En octubre de 2019, volé desde Alaska, donde acababa de terminar otra temporada, a Nueva Zelanda para otro trabajo como guía. Compré una camioneta y la conduje por la Isla Sur, contemplando las hermosas costas que estaban impresas en miles de postales. Lugares a los que la gente solo soñaba con escapar. Busqué compañeros de escalada y conocí a una bonita pareja europea. Compartimos un día de craking y luego condujeron su furgoneta en dirección opuesta a la mía. Mi corazon se hundio. El ciclo de relaciones que iban y venían se estaba acelerando más de lo que podía manejar. Lo que realmente quería, más allá de cualquier gran aventura, era una comunidad consistente.

Recuerdo mirar el océano y no sentir nada. Estaba a miles de millas de cualquier persona que conocía, y no solo no quería estar allí, sino que no podía pensar en un solo lugar donde realmente quisiera estar. Quería dejar de correr, dejar de moverme, dejar de vivir de una manera que me quemaba. El día que iba a comenzar la orientación para mi nuevo trabajo, me quedé congelada en el estacionamiento de la empresa y ni siquiera podía salir por la puerta de mi camioneta. Finalmente me alejé y usé el dinero que me quedaba después de llegar allí para comprar un boleto de avión a casa. Había roto y recreado mi identidad tantas veces. Lo que antes se sentía como libertad en el espíritu nómada, ahora se sentía como un callejón sin salida.

Escalada La revista es ahora 50% de descuento por tiempo limitado. Con solo $24 al año obtendrá cinco ediciones impresas (cuatro Escaladauno Ascenso) Entregado en tu puerta. Los suscriptores también reciben acceso ilimitado a más de 5.000 artículos en escalada.com.

Después del mes que tardé en vender la camioneta, dejé Nueva Zelanda para mudarme a la casa de mi madre. Me sentí como un fracaso. Si redujese la velocidad lo suficiente como para encontrar estabilidad, ¿estaría comprometiéndome demasiado? ¿Qué pasaría si ya no tuviera el impulso para guiar o tomar riesgos al aire libre? Esas cosas se habían convertido en mi identidad.

Durante los siguientes dos años viví en siete casas más y en cuatro estados diferentes. Una terapeuta en el norte de Idaho me contó sobre dos mujeres gemelas que abren sus hogares para ayudar a las personas a escuchar y sanar sus corazones, y superar el dolor. Ofrecen clases de 10 semanas y talleres de tres y seis días llamados Vida Responsable. Me resistí a encontrarme con ellos hasta que estuve enferma y cansada de estar enferma y cansada. Ese punto llegó después de otros cinco eventos significativos, incluida la pérdida de una relación, vivienda e incluso vivienda para mi cachorro, todo en un solo golpe. Lo que necesitaba era un techo y un amigo.

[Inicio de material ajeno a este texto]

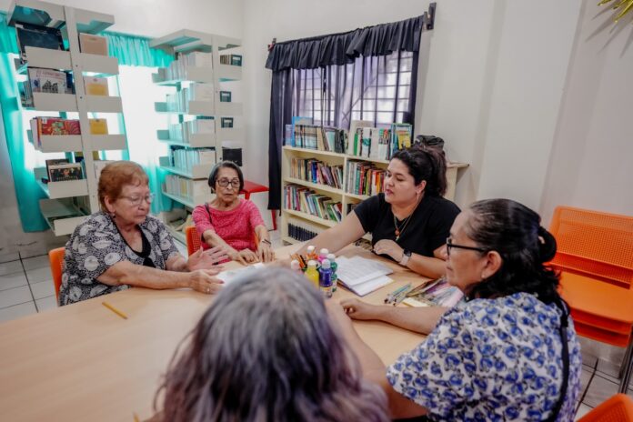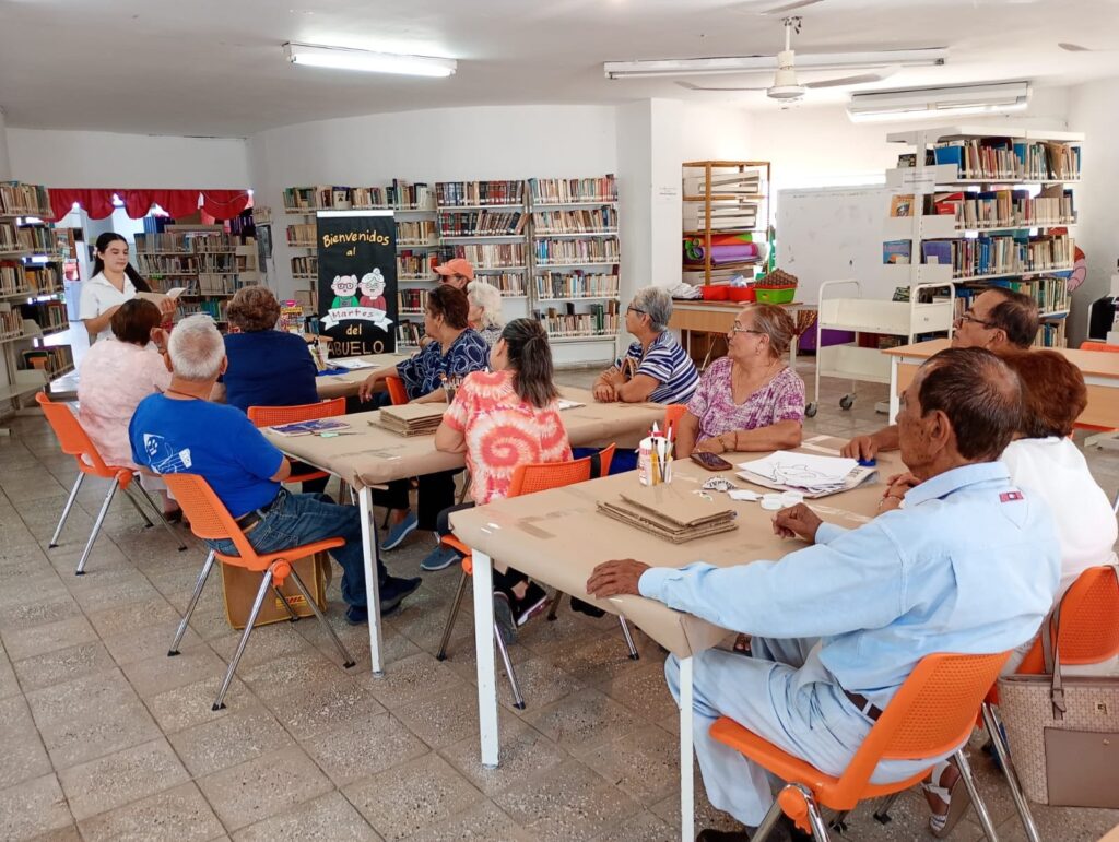La palabra de las bibliotecarias Karime Aglaed Tiznado y María Medina se escucharon en la popular biblioteca de los Leones para realizar “El Martes del Abuelo”, donde leyeron obras de los libros “Lenguas indígenas de México” por Arqueología Mexicana; del “Diccionario de la Lengua Náhuatl o Mexicana”; de Josefina Oliva de Coll, y “Las viejas Calles de Mazatlán” por Oses Cole, finalizaron haciendo figuras marinas como manualidad.
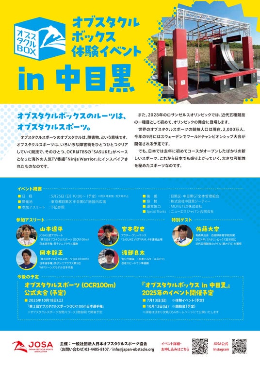 2025年春には、東京都目黒区にも設置され、今後、デモ大会・公式大会などのイベントを開催し、オブスタクルスポーツの情報発信をしてまいります。
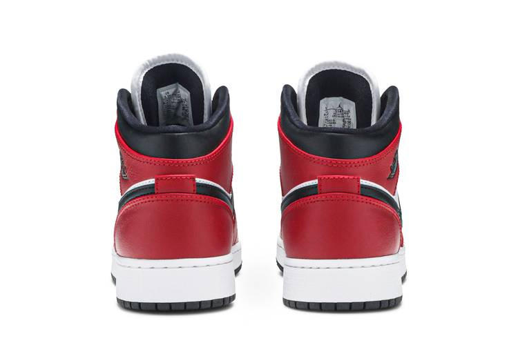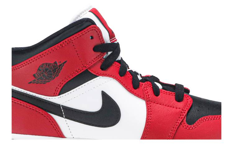 The Jordan 1 Mid Chicago Black Toe Kids shoe is crafted with a premium leather upper in black and red tones. The design includes black laces, "Swooshes," and outsole for...
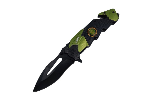 Preklopni nož 18127 US Army zeleno/črn: Moč, zanesljivost in tradicija V svetu pustolovcev, vojakov in ljubiteljev narave obstaja nekaj, kar presega zgolj praktičnost in funkcionalnost – to je duh pripadnosti, močne volje in tradicije. Preklopni nož 18127 US Army, izdelan z ljubeznijo do podrobnosti in zanesljivosti, prinaša prav to – moč, zanesljivost in spoštovanje do tradicije. Ko držite ta nož v rokah, začutite zgodovino, ki ga obdaja. Izdelan iz kakovostnih materialov in zasnovan z uporabnikom v mislih, je ta nož več kot le orodje – je simbol moči in odločnosti, ki je vedno z vami. Z rezilom, ki se ponaša z ostrino in vzdržljivostjo, ter ročajem, ki omogoča udoben oprijem v vsaki situaciji, je preklopni nož 18127 US Army narejen za soočanje z izzivi, ne glede na to, kako zahtevni so. Nož ima konico za razbijanje stekel in rezilo za rezanje varnostnih pasov. Varovalo pred zapiranjem poskrbi, da ne pride do poškodb.
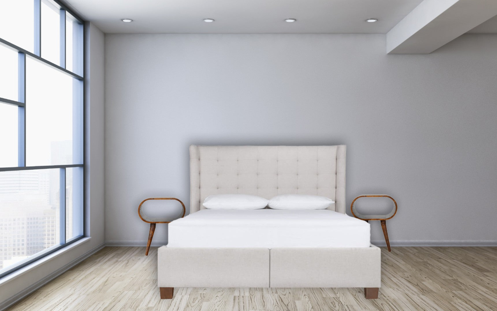 - Design: Circular profile with an open shelf layout for easy access and display of bedside items.

1652122554 60 Buscando el ideal de la vida orientadora
Laura Wood disfrutando de una caminata en el Parque Nacional Glacier. (Foto: Erin Phillips)

Estas mujeres me enseñaron que cuando sé quién soy, incluso en una tormenta de nieve, nunca puedo perderme. Temporada tras temporada pensé que había aprendido quién era yo. Pero fue solo en el contexto de cada trabajo, lugar e identidad. Y esos contextos no eran sostenibles. O si lo eran, tenía que preguntarme si realmente quería seguir por esos caminos.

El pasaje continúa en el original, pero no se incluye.